Quando falamos do cotidiano destas mulheres e dos ciclos de violência, para além destes corpos que hoje já não podem narrar suas histórias e suas tentativas de sobrevivência, é urgente, termos ouvidos para aquelas que ainda estão entre nós e que denunciam cotidianamente os esforços para resistir a violência e a invisibilidade de uma sociedade que tem a Raça e a mobilidade de acesso a direitos ou negação dos mesmos como eixo estruturante, do qual controla status, prestígio e poder.

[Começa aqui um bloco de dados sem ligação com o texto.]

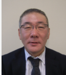
一般社団法人 奈良電業協会 会長
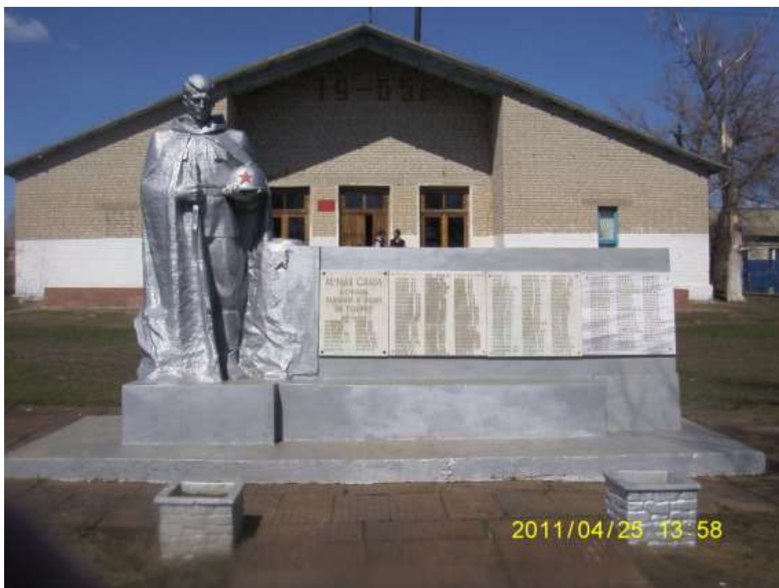
Сельский клуб и памятник погибшим в Великой Отечественной войне
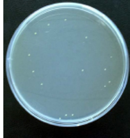
Bakterie Gule stafylokokker

Udregning af kludens evne til at opsamle bakterier:
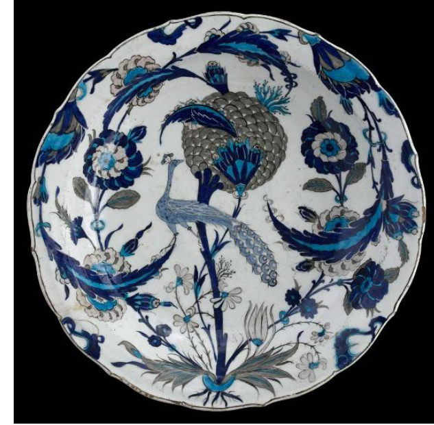
Görsel 6. Şam İşi Üslubunda Tabak (Louvre Müzesi)

Şam İşi üslubunun karakter özellikleri, Osmanlı örneklerinde çiniden ziyade seramiklerde kendini gösterir. Bu üslubun form tipleri, büyük boy ayaklı kase, askı topu, maşrapa, şişe ve vazo gibi açık ve kapalı kaplardır. Tabakların desenlerinde bazen cetvel çizgisiyle bordür alanı ayrılmaksızın desenin tüm yüzeyi kapladığı görülür (Görsel 6).
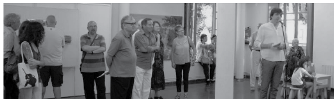
Inauguració del Teià Polièdric 2013.

El Teià Polièdric ha consumat una segona edició, i amb més energia que mai. En aquesta ocasió s'hi barregen artistes locals de diferents trajectòries: uns amb experiència en el món de l'art ben dilatada i altres que comencen la seva incursió en aquesta disciplina artística. El resultat és una mostra ben heterogènia i rica.
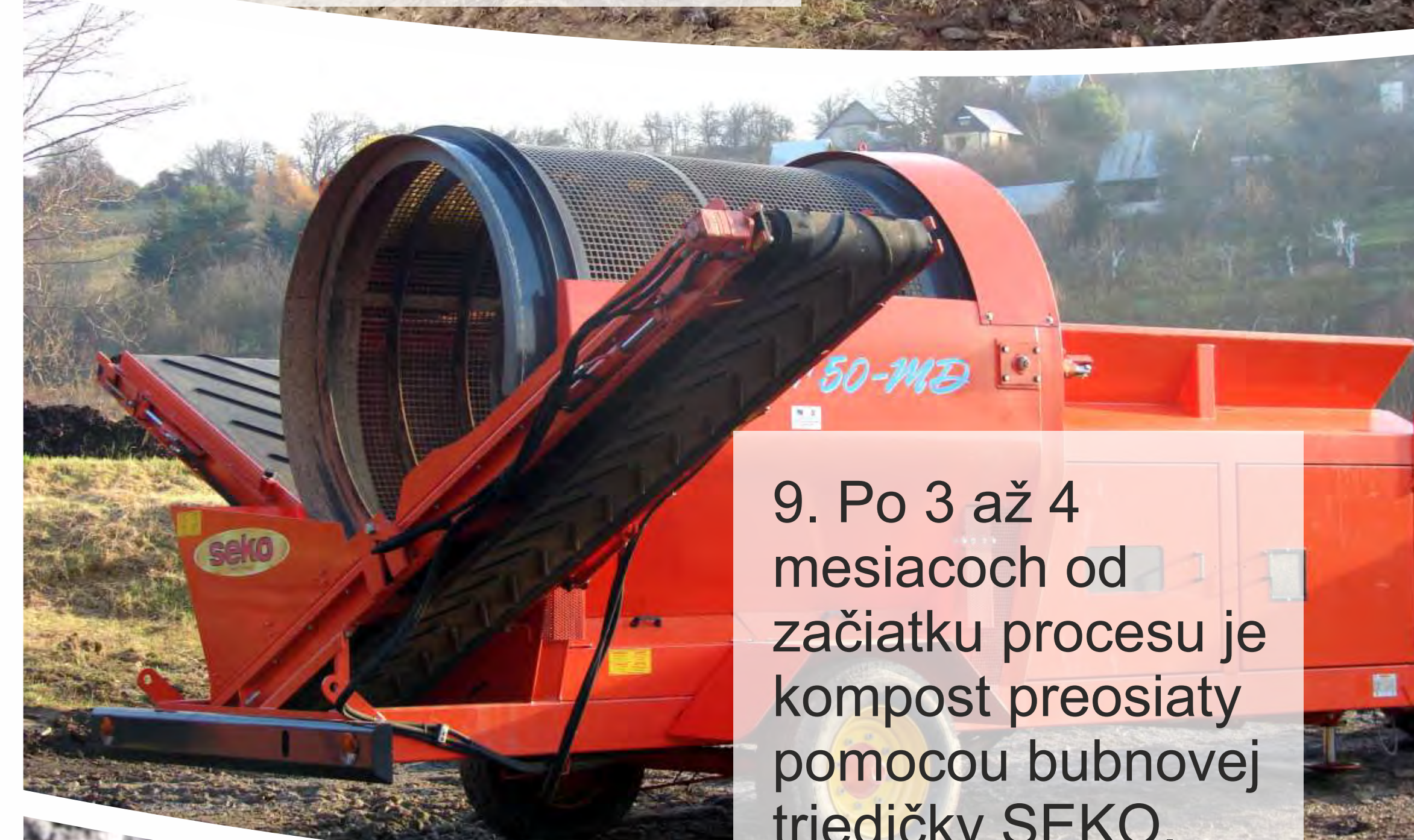
9. Po 3 až 4 mesiacoch od začiatku procesu je kompost preosiaty pomocou bubnovej triedičky SEKO.
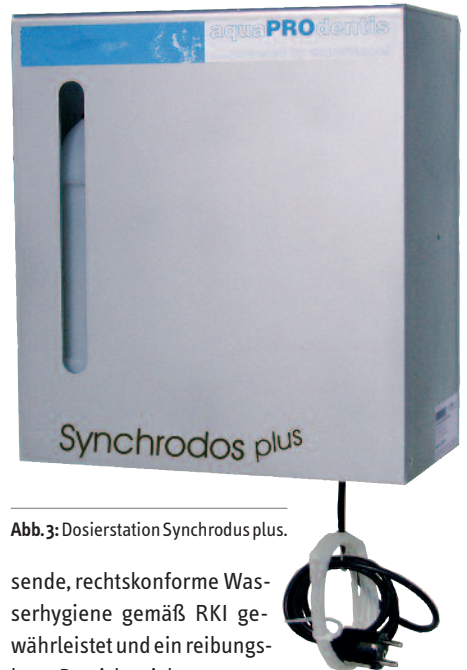
Abb. 3: Dosierstation Synchronodos plus.

Um eine Wasserkontamination auszuschließen und damit auch gesundheitsgefährdende Folgen für Patienten und Praxispersonal, sind eine Analyse des Praxiswassers sowie Keimtests anzuraten. Angeboten werden diese vom baden-württembergischen Hygienespezialist aquaPROdentis. Auch Wartungsverträge gehören zum Portfolio des Unternehmens. Für Zahnarztpraxen werden damit eine umfas-
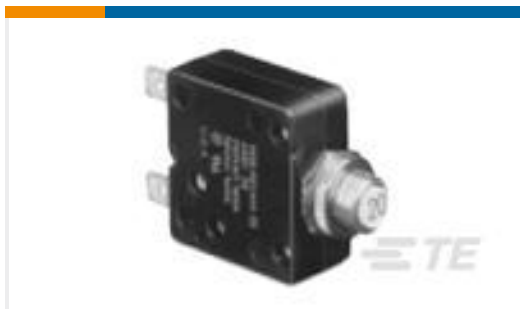
TE 产品编号1393249-5 W58-XB1A4A-1=W58
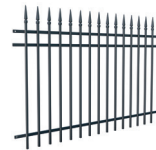
PRZĘŚŁO wys. 1,3 m

Szerokość: 200 (202)* cm Wysokość: 130 cm Profil sztachetek: 16 x 16 mm Ilość sztachetek: 15 Profil poprzeczki: 25 x 15 mm Kod: 624284

Ocupar os piores índices de qualidade de vida como bem assinalou Kaionara dos Santos, nada tem a ver com causualidades ou categorias alheias às lutas dos feminismos e da campanha dos 16 dias de ativismo, negar a humanidade a história/ cultura, quando não a religiosidade dessas mulheres, conferem violências psicológicas que as afetam desde crianças, porém as mulheres não negras ainda percebem o racismo como algo menos importante ou não tão grave, parecem não acreditar na campanha dos movimentos negros e do Sistema único de Saúde “O racismo mata”, não estão dispostas a discutir os seus privilégios como mulheres brancas e tampouco seu lugar no curso das opressões contras as mulheres negras, aquelas que tendem a ser empregadoras “a patroa”, e que se recusa a assinar a carteira de trabalho.
Seria extremamente produtivo um ciclo de debates e discussões frente às violências de gênero em que todos estes elementos pudessem ser amplamente discutidos em especial a incapacidade de desenvolver políticas para o enfrentamento do feminicídio e violências vividas pelas mulheres negras sem a compressão do peso da Raça/Gênero em seu cotidiano. Igualmente demonstraria uma mudança no modo de olhar para as diversas violências enfrentadas por mulheres brancas e não brancas, considerando que a transformação do capital cultural e de direitos humanos é um passo fundamental na capacidade de transformar nossa sociedade.